To be sure, Morningstar found other sustainable firms took in money this year, including Green Century Capital Management and Trillium Asset Management. They had $35.4 million and $16.6 million in net new deposits respectively through September, small amounts compared with the index firms.

Traditionally, socially minded funds had poorer performance. But that penalty has faded as top companies, including Apple Inc (AAPL.O) and Walmart Inc (WMT.N), took steps like using more solar power, allowing sustainable funds to invest in them and to participate in the steady rise of their stock prices.
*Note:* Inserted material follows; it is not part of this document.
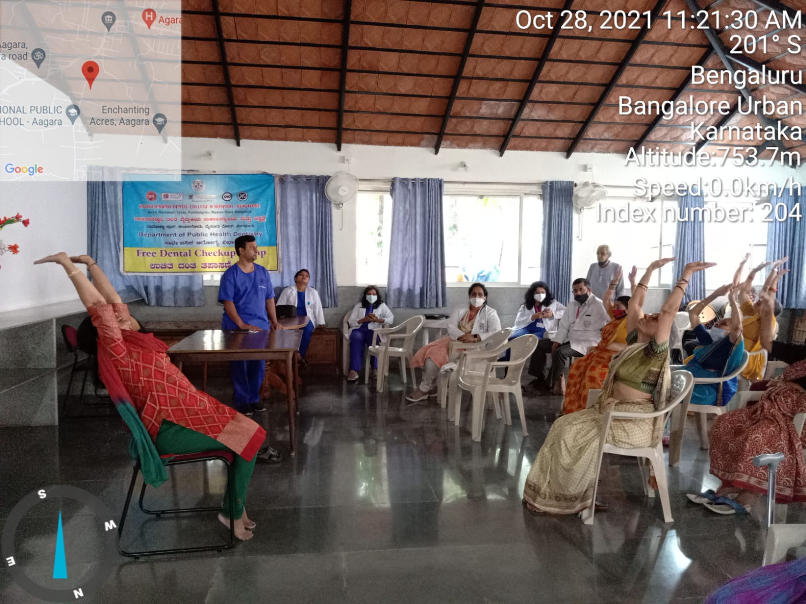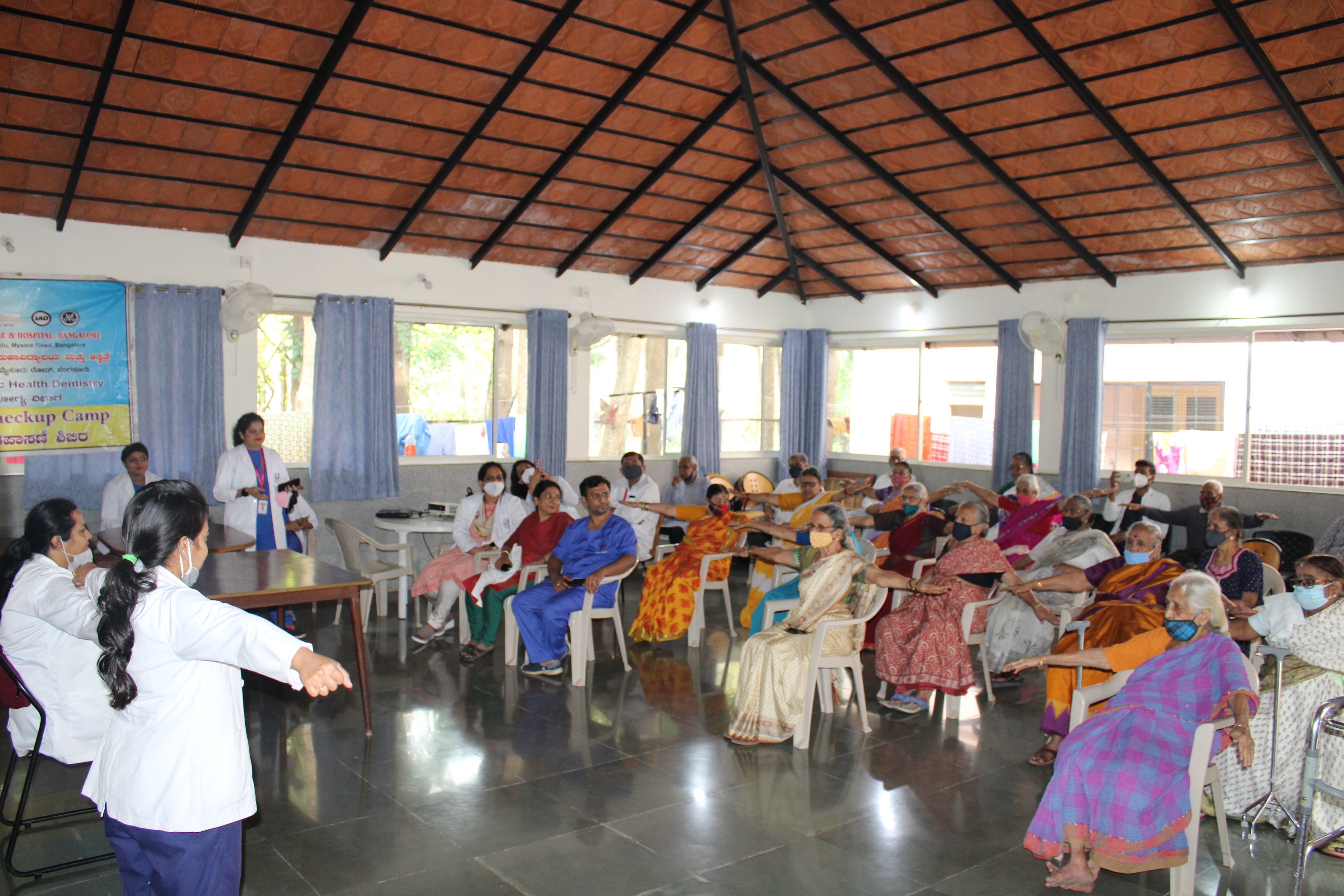 Dr.Padma K Bhat demonstrated sitting surya namaskara to the elderly which was very much appreciated by the elders.
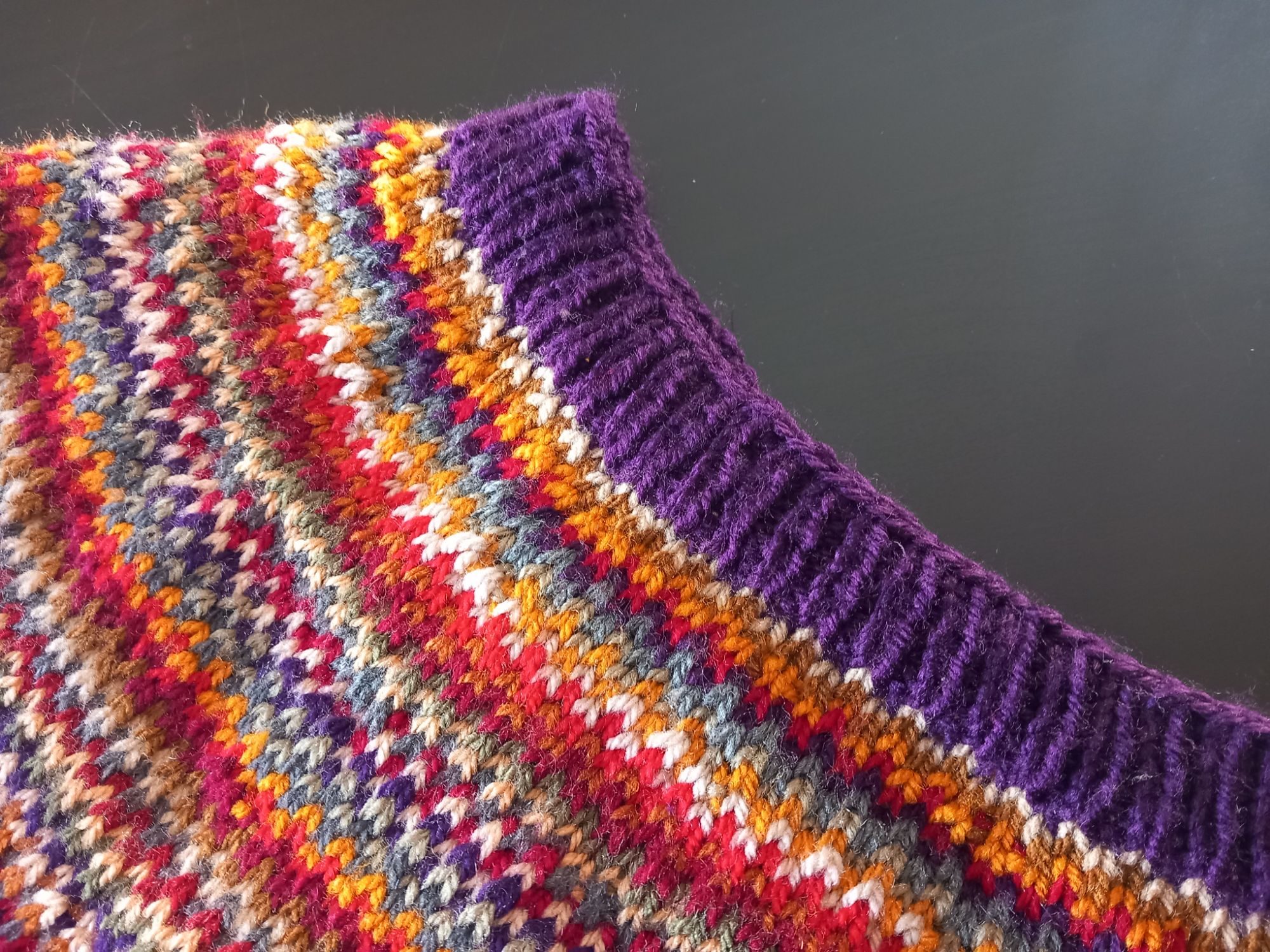 Then, about five rows in (of a total eight), I realised I’d done 2×2 rib instead of 1×1. I was absolutely not going back and finished it in 2×2, then cast off. Nobody will notice the difference between collar and hem, not even me.

The $3.8 billion Parnassus Endeavor Fund (PARWX.O), for instance, was up 29% this year through Nov. 15, 2.27 percentage points better than its benchmark Russell 1000 index. Over the past five years its total annualized return of 11.75% beat 95 percent of peer funds, according to Morningstar.

FILE PHOTO: Traders work on the floor at the New York Stock Exchange (NYSE) in New York, U.S., October 18, 2019. REUTERS/Brendan McDermid

Like other active funds, however, it has had some down years, which has steered investors to passive products with more consistent performance like the $6.7 billion Vanguard FTSE Social Index Fund.(VFTNX.O) It is up 28% so far this year, 1.76 percentage points better than the benchmark Russell 1000 index. Its 5-year total annualized return of 12.07% beat 97 percent of peer funds.

Parnassus Chief Marketing Officer Joe Sinha said flows can return if markets turn choppy while managers use sustainability as a marker to pick well-run companies. Until then, his firm and rivals may face headwinds.

“We’re not immune to the trend into passive investing,” he said.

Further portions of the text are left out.